As explained above, the electromagnetic braking device according to the present invention includes a stator, a stator main body which is press-molded into an annular shape having a recessed part in which an excitation coil is mounted, and an armchair that is movable with respect to the stator main body. The armature support member has a plurality of arms supporting the armature, and
The arm was bent on the outer periphery of the stator body so that its longitudinal direction was parallel to the axial direction of the stator body, and the brake plate was fixed to the tip of the arm, so it was necessary to drill holes when manufacturing the stator. Since cutting operations such as the above are not required, the manufacturing work of the stator is simplified.

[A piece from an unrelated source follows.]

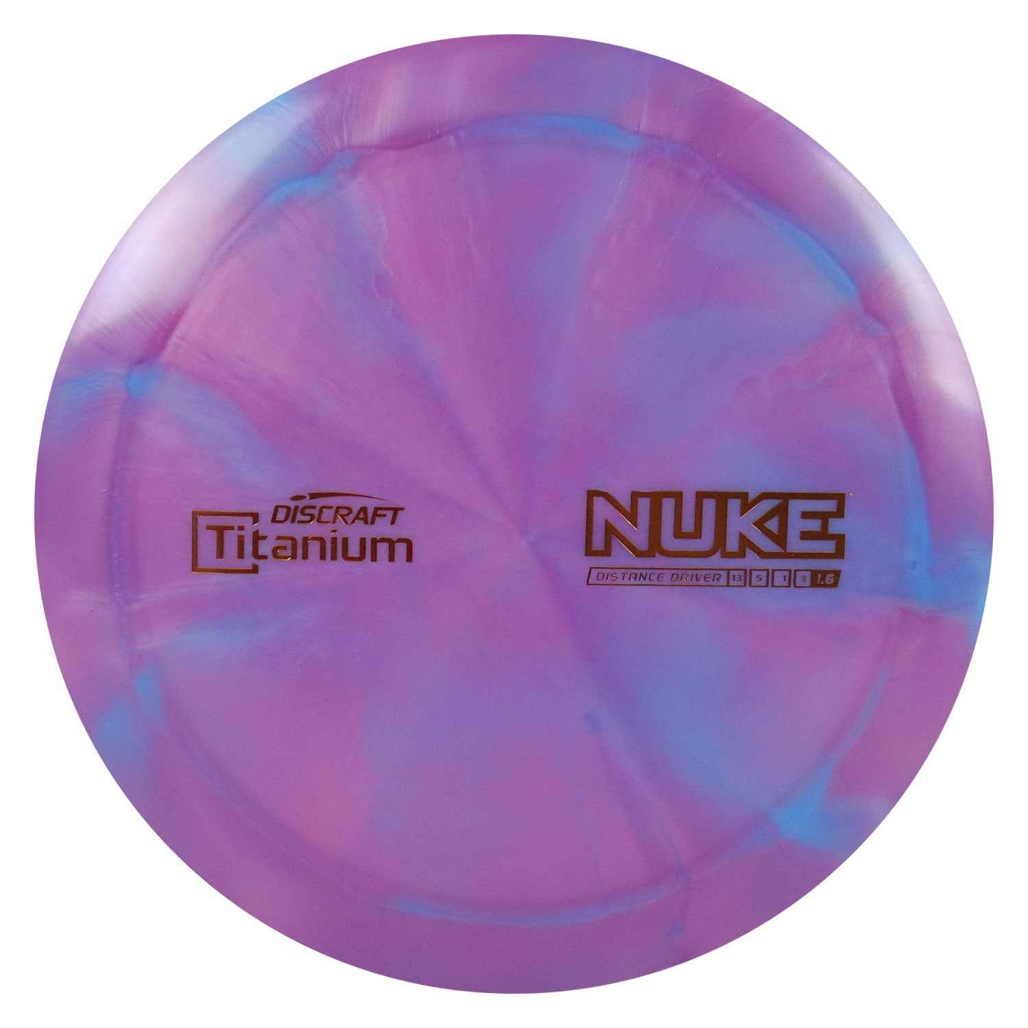 Discraft Disc Golf Titanium Swirl Nuke Distance Driver 13/5/-1/3 Purple Blue/Bronze 173-174g

Therefore, the time required to manufacture the stator is shortened, and manufacturing costs can be kept low.

[Brief explanation of drawings]

FIG. 1 is a side sectional view showing an electromagnetic braking device according to the present invention, FIG. 2 is a side view showing the main parts, FIG. 3 is a front view, and FIG.
This figure is a side sectional view showing a conventional electromagnetic braking device, FIG. 5 is a sectional view of a portion of the braking device, and FIG. 6 is a front view of a conventional stator. 2... Rotating shaft, 3... Lining, 6...
Coil, 21... Stator, 22... Stator body, 23... Mounting plate, 23b... Arm, 24... Armchair, 25... Braking plate.

Claims (1)

[Claims] a stator that includes an excitation coil and magnetically attracts the armature; a braking spring that presses the armature against a friction plate of a braked shaft provided coaxially with the stator when not energized; In the electromagnetic braking device, the electromagnetic braking device includes a braking plate fixed to the armature and sandwiching the friction plate together with the armature, the stator body being pressure-formed into an annular shape having a recess into which an excitation coil is mounted. and an armature support member integrally provided with a plurality of arms movably supporting the armature with respect to the stator body, and the arms are fixed in their longitudinal direction to the outer peripheral side of the stator body. An electromagnetic braking device characterized in that the braking plate is bent and formed parallel to the axial direction of the child body, and the braking plate is fixed to the tip of the child body.